Das Judentum hingegen weist von vornherein einen „grünen Lebensentwurf“ auf. Hier wird Fokus auf die Bewahrung der Umwelt sowie die Wiederverwendung von Dingen gelegt. Außerdem ist es bei religiösen Festen, von denen viele einen Bezug zur Umwelt haben, schwer, sich nicht für den Naturschutz einzusetzen. Zudem existiert ein Nationalfonds, dessen Spenden zum Erhalt der Natur verwendet werden.

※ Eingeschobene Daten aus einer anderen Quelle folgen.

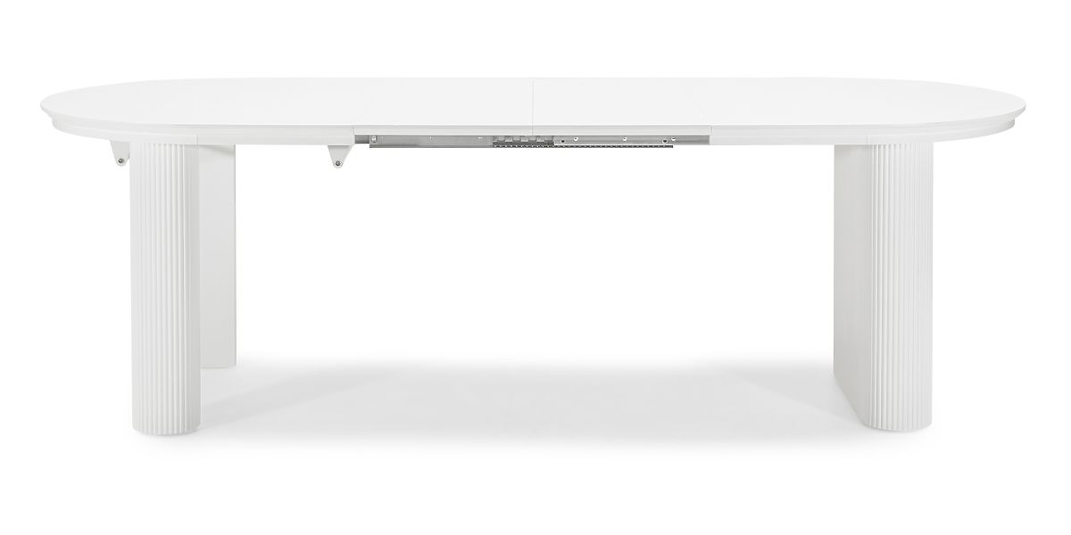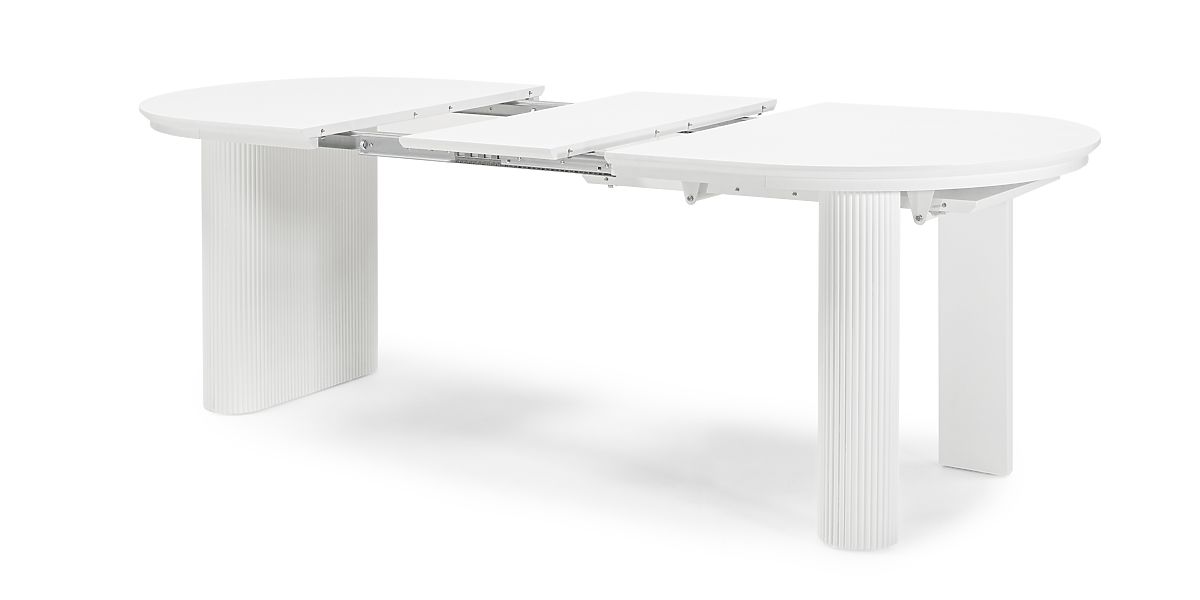 Lukahome.pl » Jadalnia i kuchnia / Stoły jadalne / Rozkładany stół Audrey 160-240 cm, owalny, biały, z rowkowaniem, zaokrąglone kształty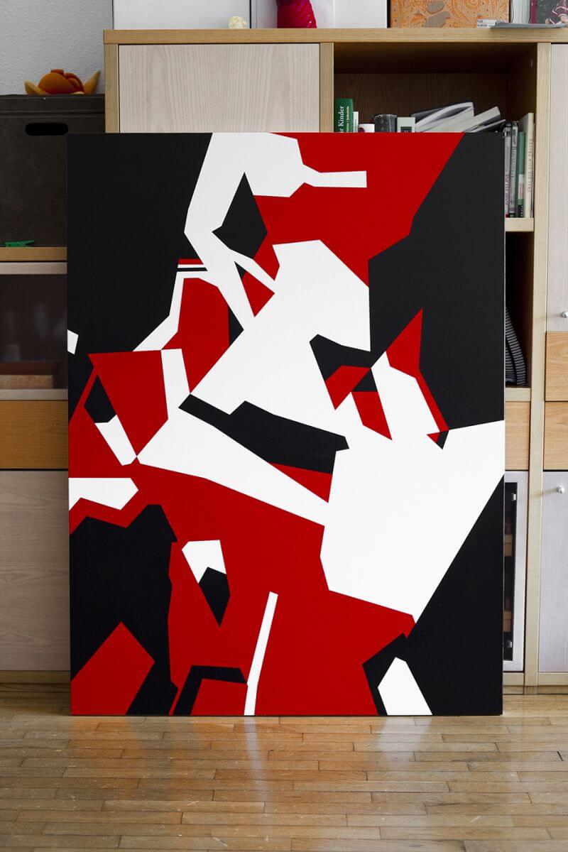 Hochwertige Materialien: Acrylfarbe der Marke „Golden“ auf Leinen auf einem Holzrahmen.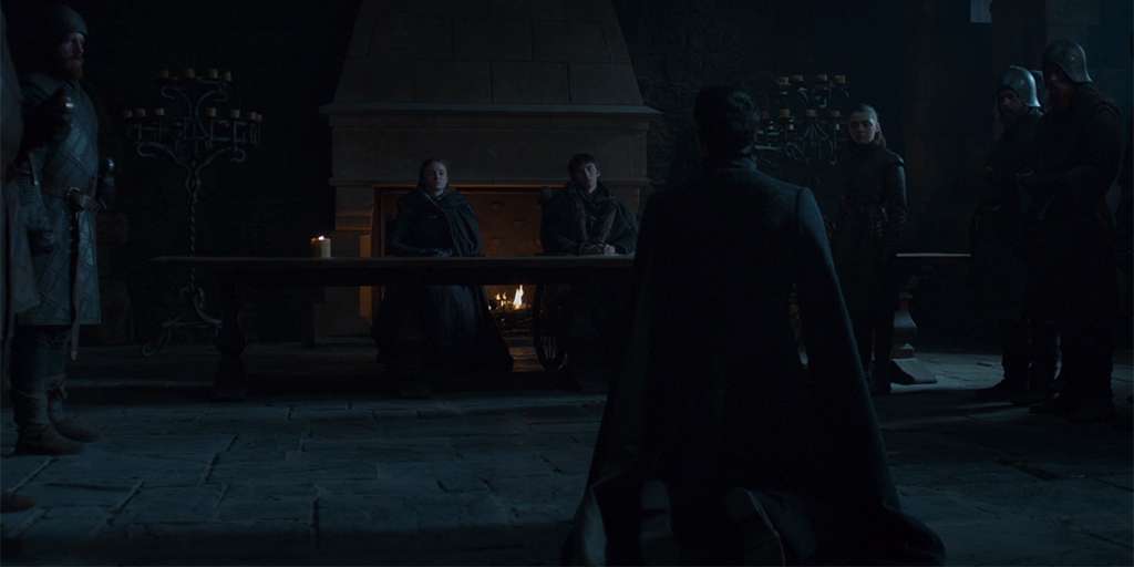 Тирион говорит Джону, что Дейнерис обезумела. Джон не соглашается с его словами. Дейнерис обвиняет Тириона в предательстве и заточает под стражу. Джон, видя это, начинает понимать, что Тирион был прав. Он убивает свою возлюбленную.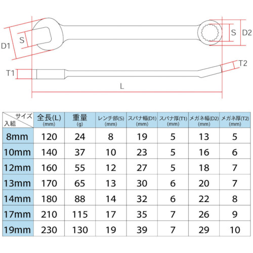 ●オープンエンドとメガネのコンビレンチで、サイズの異なる7本組みのセットです。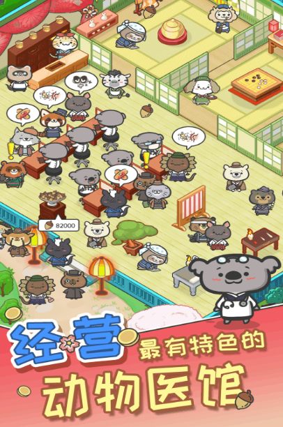 游戏一开局,你就是动物医院的院长兼医生,其中的小动物们都是拟人化的,或是猫猫,或是狗狗,又或是小鸟等等,品种丰富,你可以根据他们的病症来进行不同的手术操作,这极其考验你的耐性以及手速。游戏中,治疗好小动物就可以收取奖励,你会拥有一笔可观的收入,这时你就可以大展创意,给医院进行由内而外的改造。

Die Frage, warum wir das Klima schützen sollen, lässt sich allerdings auch aus philosophischer, sprich nicht-religiöser Sicht beantworten. Ein Grund für den Umweltschutz ist das eigene Ego. Aus eigenem Interesse sollte man auf die sich schnell verändernde Umwelt achten. Was vor 100 Jahren noch weit weg schien, ist nun greifbar nah. Naturkatastrophen sind alltäglich und ein irreversibler Schaden ist nah.
Wer also ein unbeschwertes Leben führen möchte, sollte sich für den Klimaschutz einsetzen. Wenn nicht für sich selbst, dann sollte man trotzdem für zukünftige Generationen eine gut erhaltene Umwelt garantieren, es sei denn man möchte, dass das Leben der eigenen Kinder durch Klimakrisen komplett auf den Kopf gestellt wird.